Unitizing (segmentation) reliability [Experimental]

When all inputs are segmented corpora – created by qlm_segment() or as_qlm_coded() with qlm_segment = TRUE – agreement is measured at the character level using Krippendorff's alpha for unitizing continua (Krippendorff, 2019, section 12.6). This accounts for segments of unequal length and partial overlaps between coders' unitizations. The observed and expected coincidence matrices are constructed from the lengths of pairwise segment intersections across all observer pairs. The output includes a docid column with per-document and overall results. Segmented corpora must reference the same source text.

Four members of the unitizing alpha family are supported:

alpha_u_binary (⁠|_u⁠alpha)

Computed when by is omitted. Measures agreement on which character spans are identified as segments versus gaps (irrelevant matter). Collapses all segment values to a binary distinction. Use this for pure boundary agreement when segments carry no codes (section 12.6.4, eq. 35).

alpha_u_nominal (⁠_u⁠alpha[nominal])

Computed when by names a docvar. Measures agreement on both boundary placement and the value (code) assigned to each segment. This is the most comprehensive measure: low values can reflect boundary disagreement, coding disagreement, or both (section 12.6.3, eq. 34).

alpha_cu_nominal (⁠_cu⁠alpha[nominal])

Computed alongside alpha_u_nominal when by is specified. Measures coding agreement conditional on unitization, restricting the coincidence matrix to intersections of non-gap segments only. This isolates "do the coders agree on the codes?" from "do they agree on the boundaries?" (section 12.6.5, eqs. 36–37).

alpha_u_per_value[k] (⁠_(k)u⁠alpha[nominal])

Computed alongside alpha_u_nominal when by is specified and by_category = TRUE. Reports the reliability of each individual value k, showing which codes are applied reliably and which are not. Coverage (the percentage of all k-valued matter found in valued intersections) is reported in the docid column (section 12.6.6, eq. 38).

Value

A qlm_comparison object (a tibble/data frame) with the following columns:

variable

Name of the compared variable

level

Measurement level used

measure

Name of the reliability metric

value

Computed value of the metric

docid

Per-row context: source document identifier and overall indicator for unitizing comparisons; marginal (n=X) for nominal per-category alpha rows; NA otherwise.

rater1, rater2, ...

Names of the compared objects (one column per rater)

ci_lower

Lower bound of confidence interval (only if ci != "none")

ci_upper

Upper bound of confidence interval (only if ci != "none")

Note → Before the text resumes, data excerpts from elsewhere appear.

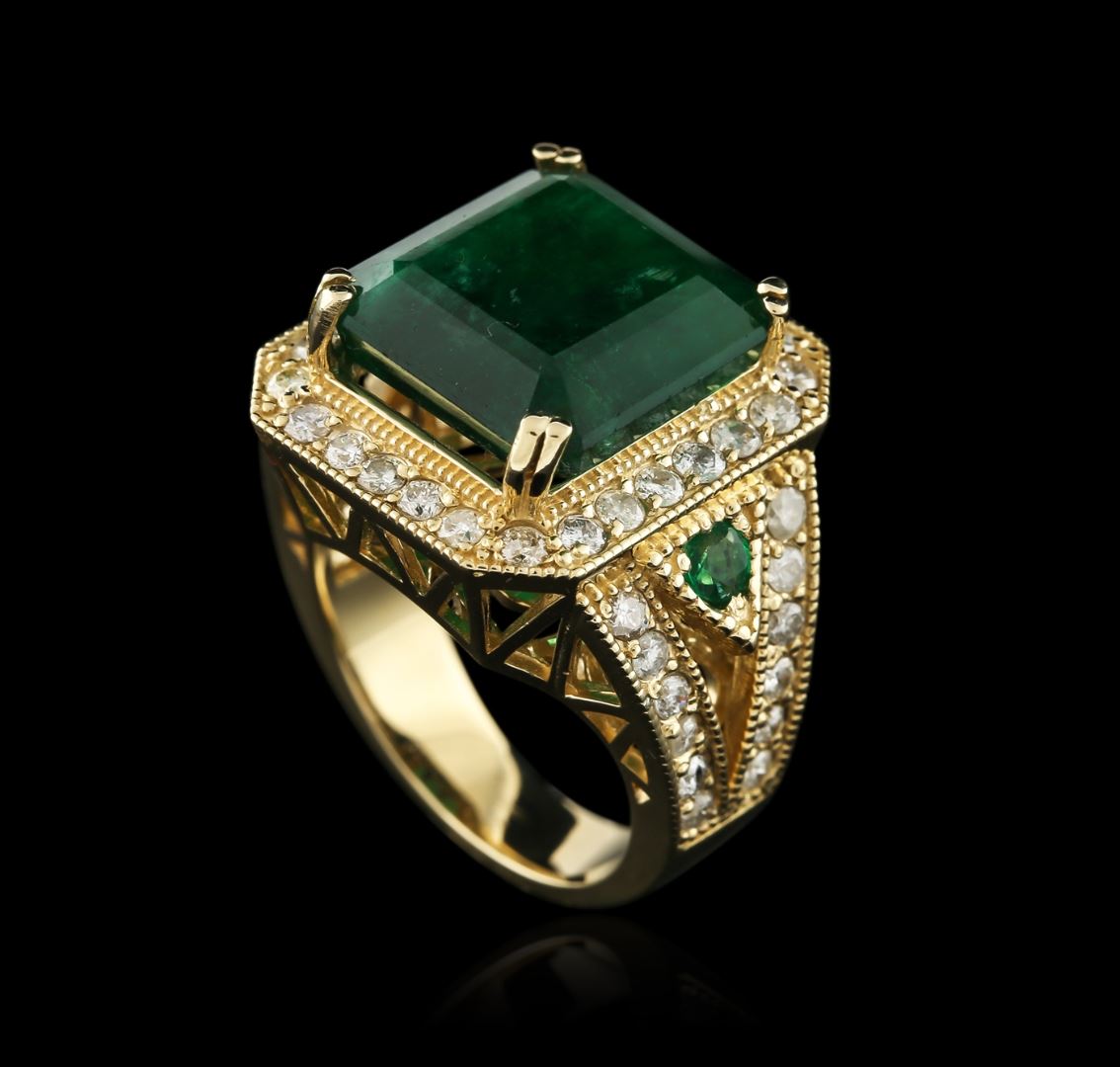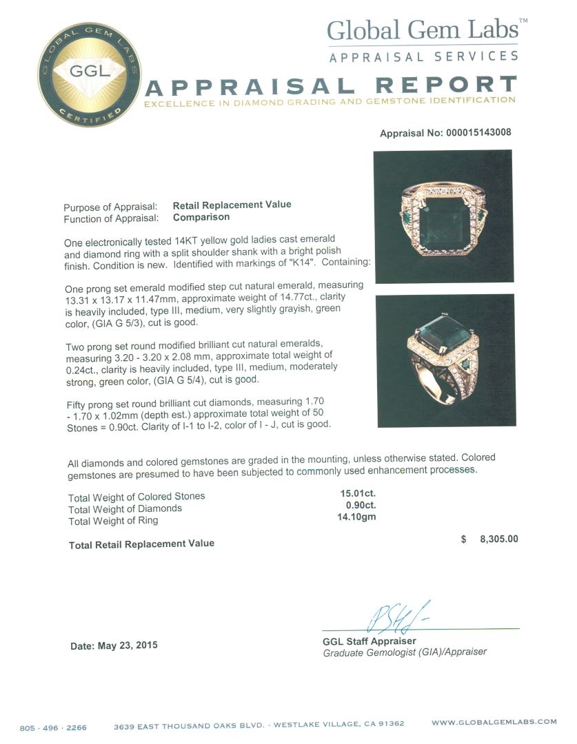 One electronically tested 14KT yellow gold ladies cast emerald and diamond ring with a split shoulder shank with a bright polish finish. Identified with markings of "K14". Condition is new. Containing: One prong set emerald modified step cut natural emerald, measuring 13.31 x 13.17 x 11.47mm, approximate weight of 14.77ct., clarity is heavily included, type III, medium, very slightly grayish, green color, (GIA G 5/3), cut is good. Two prong set round modified brilliant cut natural emeralds, measuring 3.20 - 3.20 x 2.08 mm, approximate total weight of 0.24ct., clarity is heavily included, type III, medium, moderately strong, green color, (GIA G 5/4), cut is good. Fifty prong set round brilliant cut diamonds, measuring 1.70 - 1.70 x 1.02mm (depth est.) approximate total weight of 50 Stones = 0.90ct. Clarity: I-1 to I-2. Color: I - J, Cut is Good. All diamonds and colored gemstones are graded in the mounting, unless otherwise stated. Colored gemstones are presumed to have been subjected to commonly used enhancement processes. Total Weight of Colored Stones 15.01ct. Total Weight of Diamonds 0.90ct. Total Weight of Ring 14.10 grams. GGL Appraised at $8,305.00.
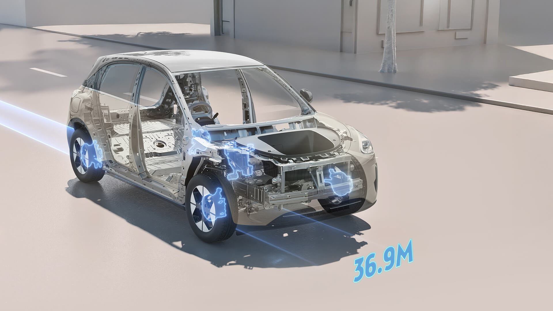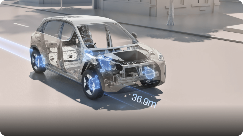 Sistem canggih berfungsi secara senyap di latar belakang, memastikan anda dan penumpang anda selamat dalam badan yang kuat dan tegap.
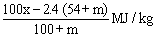 where x = (high) heat value of wood » 20.0 MJ/kg.
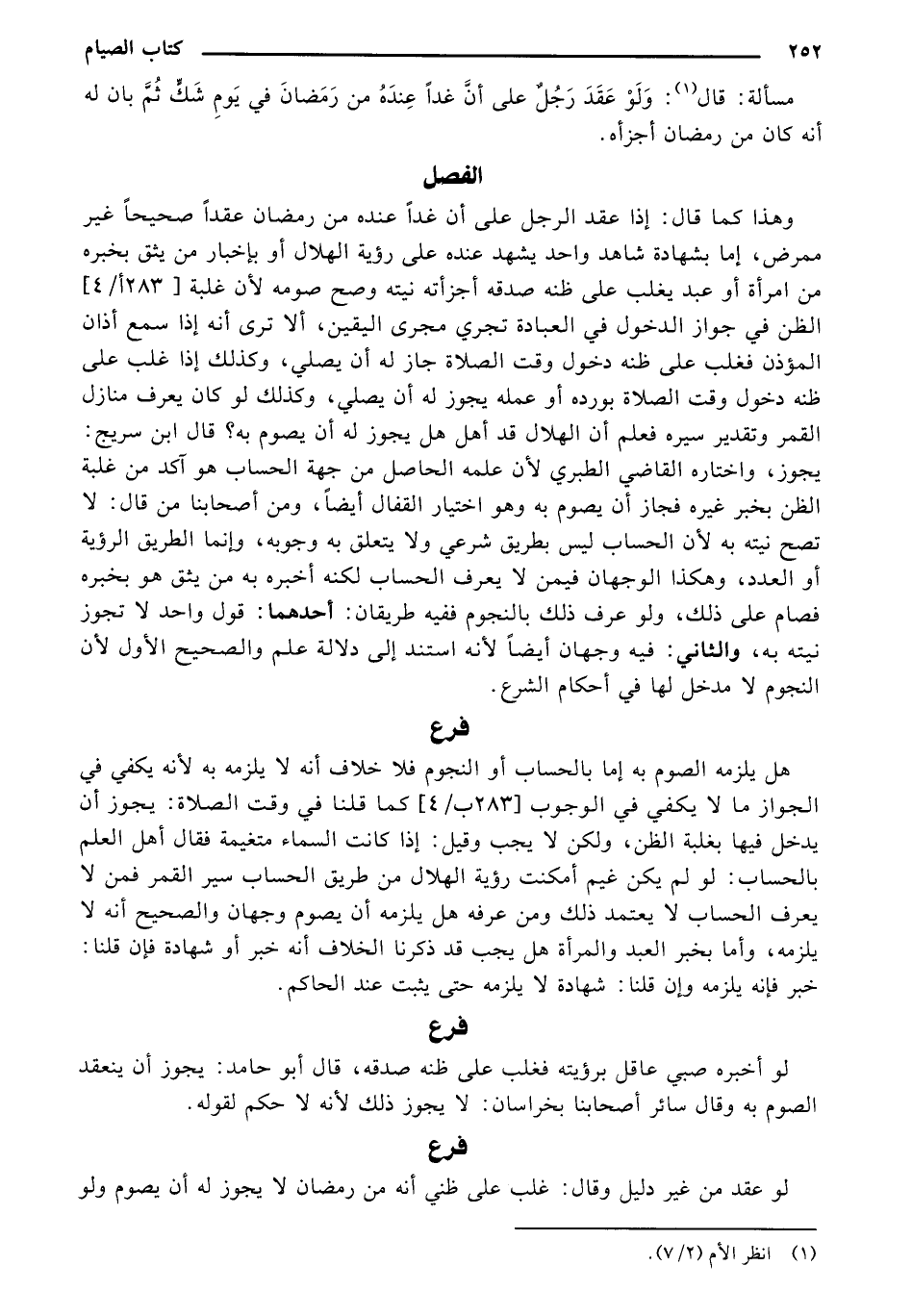 هل يلزمه الصوم به إما بالحساب أو النجوم فلا خلاف أنه لا يلزمه به لأنه يكفي في الجواز ما لا يكفي في الجوب [283 ب/4] كما قلنا في وقت الصلاة: يجوز أن يدخل فيها بغلبة الظن، ولكن لا يجب وقيل: إذا كانت السماء متغيمة فقال أهل العلم بالحساب: لو لم يكن غيم أمكنت رؤية الهلال من طريق الحساب سير القمر فمن لا يعرف الحساب لا يعتمد ذلك ومن عرفه هل يلزمه أن يصوم وجهان والصحيح أنه لا يلزمه حتى يثبت عند الحاكم.
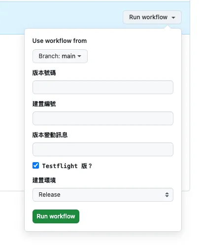 不同于 Jenkins 是自建服务,有完整的 Web GUI;Github Action 没有,唯一的 Web GUI Form 是在 Actions 中点击 Run workflow 可以自订一个简易的表单供使用者输入外部参数,然后触发 CI/CD 工作流程。
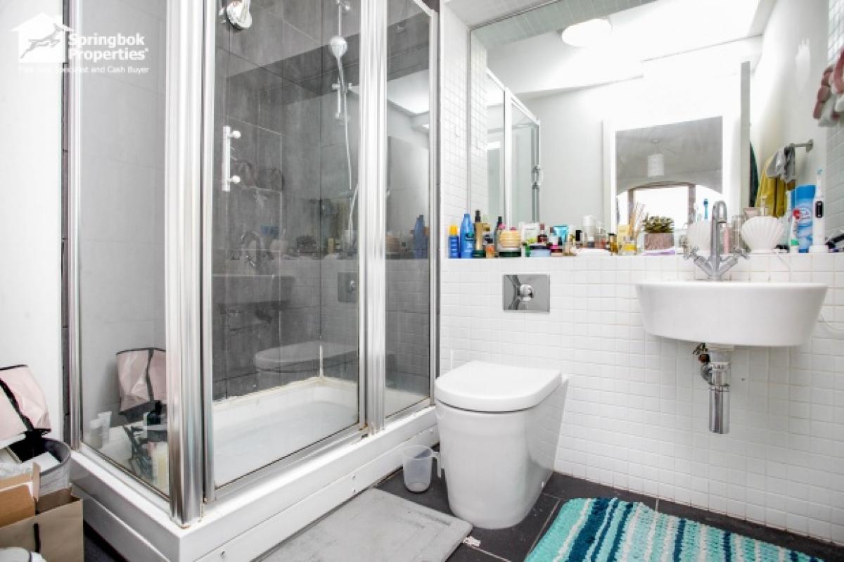 Upstairs, there are two generously sized double bedrooms, both finished with distinctive arched windows that draw in natural light. The principal bedroom benefits from its own en-suite shower room, while a further bathroom serves the second bedroom. This arrangement provides excellent flexibility, particularly for professionals or shared living.
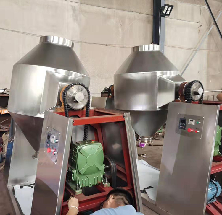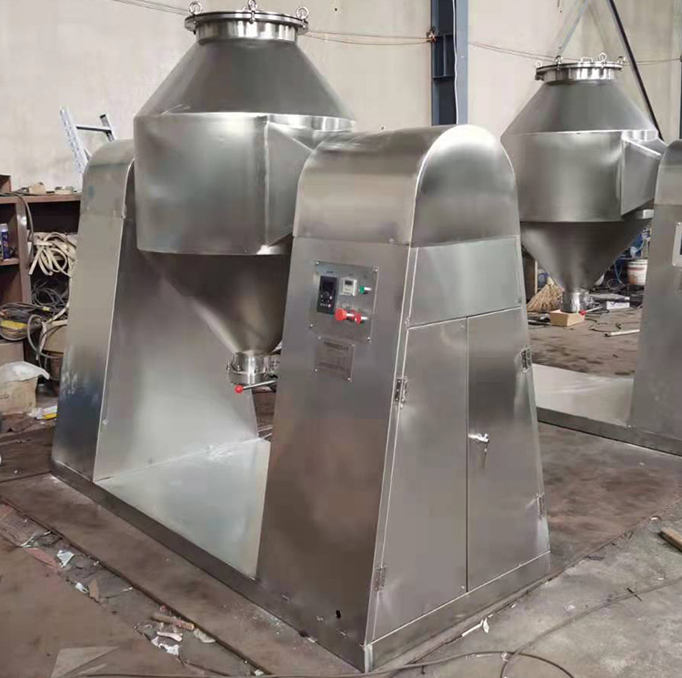 該機的工作過程是:把需混合的幾種物料通過真空輸送或人工加料投放到雙錐體內(nèi),上好筒蓋,開起設備,雙錐筒及攪拌葉片同時轉動,旋轉的雙錐筒使筒體內(nèi)物料產(chǎn)生紊亂翻滾混合,高速旋轉的攪拌葉片打碎結團物料,使物料在筒體內(nèi)快速混合。 SZH型雙錐混料機工作過程無死角,無沉積,可使混合的物料快速達到均勻一致的效果。
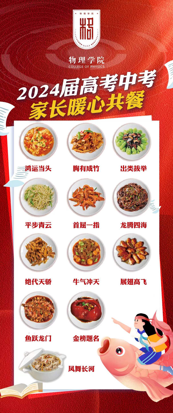 加油餐中祝福满,高中粽里情意浓。“暖心祝福餐”是学院对教职工子女们的一份深情厚意。金榜题名,鱼跃龙门,鸿运当头……精心设计每一道菜名,希望讨个好彩头,期待物理学院教职工子女能够胸有成竹、出类拔萃、平步青云、展翅高飞。

The object has class c("qlm_comparison", "tbl_df", "tbl", "data.frame") and attributes containing metadata (raters, n, call).

Metrics by measurement level (predefined-unit comparisons):

  • Nominal: alpha_nominal, kappa (Cohen's/Fleiss'), percent_agreement

  • Ordinal: alpha_ordinal, kappa_weighted (2 raters only), w (Kendall's W), rho (Spearman's), percent_agreement

  • Interval/Ratio: alpha_interval/alpha_ratio, icc, r (Pearson's), percent_agreement

For unitizing measures (segmented corpora), see Details.

Confidence intervals:

  • ci = "analytic": Provides analytic CIs for ICC and Pearson's r only

  • ci = "bootstrap": Provides bootstrap CIs for all metrics via resampling

References

Krippendorff, K. (2019). Content Analysis: An Introduction to Its Methodology (4th ed.). Sage. doi:10.4135/9781071878781

See Also

Related workflow functions: qlm_validate() for validation of coding against gold standards, qlm_code() for LLM coding, as_qlm_coded() for human coding, qlm_segment() for LLM-powered text segmentation.

Underlying reliability calculations (internal): reliability_alpha() and reliability_alpha_u() for Krippendorff's alpha; reliability_kappa() (Cohen) and reliability_kappa_fleiss(); reliability_kendall_w(); reliability_icc().

Examples

# Load example coded objects
examples <- readRDS(system.file("extdata", "example_objects.rds", package = "quallmer"))

# Compare two coding runs
comparison <- qlm_compare(
  examples$example_coded_sentiment,
  examples$example_coded_mini,
  by = "sentiment",
  level = "nominal"
)
print(comparison)

# Compare specific variables with explicit levels
qlm_compare(
  examples$example_coded_sentiment,
  examples$example_coded_mini,
  by = "sentiment"
)

Get or set quallmer object metadata

Description

Get or set metadata from qlm_coded, qlm_codebook, qlm_comparison, and qlm_validation objects. Metadata is organized into three types: user, object, and system. Only user metadata can be modified.

Usage

qlm_meta(x, field = NULL, type = c("user", "object", "system", "all"))

qlm_meta(x, field = NULL) <- value

Arguments

x

A quallmer object (qlm_coded, qlm_codebook, qlm_comparison, or qlm_validation).

field

Optional character string specifying a single metadata field to extract or set. If NULL (default), qlm_meta() returns all metadata of the specified type, and ⁠qlm_meta<-()⁠ expects value to be a named list.

type

Character string specifying the type of metadata to extract:

"user"

User-specified descriptive information (default). These fields are modifiable via ⁠qlm_meta<-()⁠: name (run label) and notes (documentation).

"object"

Parameters defining how coding was executed. Read-only fields include: batch, call, chat_args, execution_args, parent, n_units, input_type.

"system"

Automatically captured environment information. Read-only fields include: timestamp, ellmer_version, quallmer_version, R_version.

"all"

Returns a named list combining all three types.

value

For ⁠qlm_meta<-()⁠, the new value for the metadata field, or a named list of user metadata fields.

Details

Metadata is stratified into three types following the quanteda convention:

User metadata (type = "user", default): User-specified descriptive information that can be modified via ⁠qlm_meta<-()⁠. Fields: name, notes.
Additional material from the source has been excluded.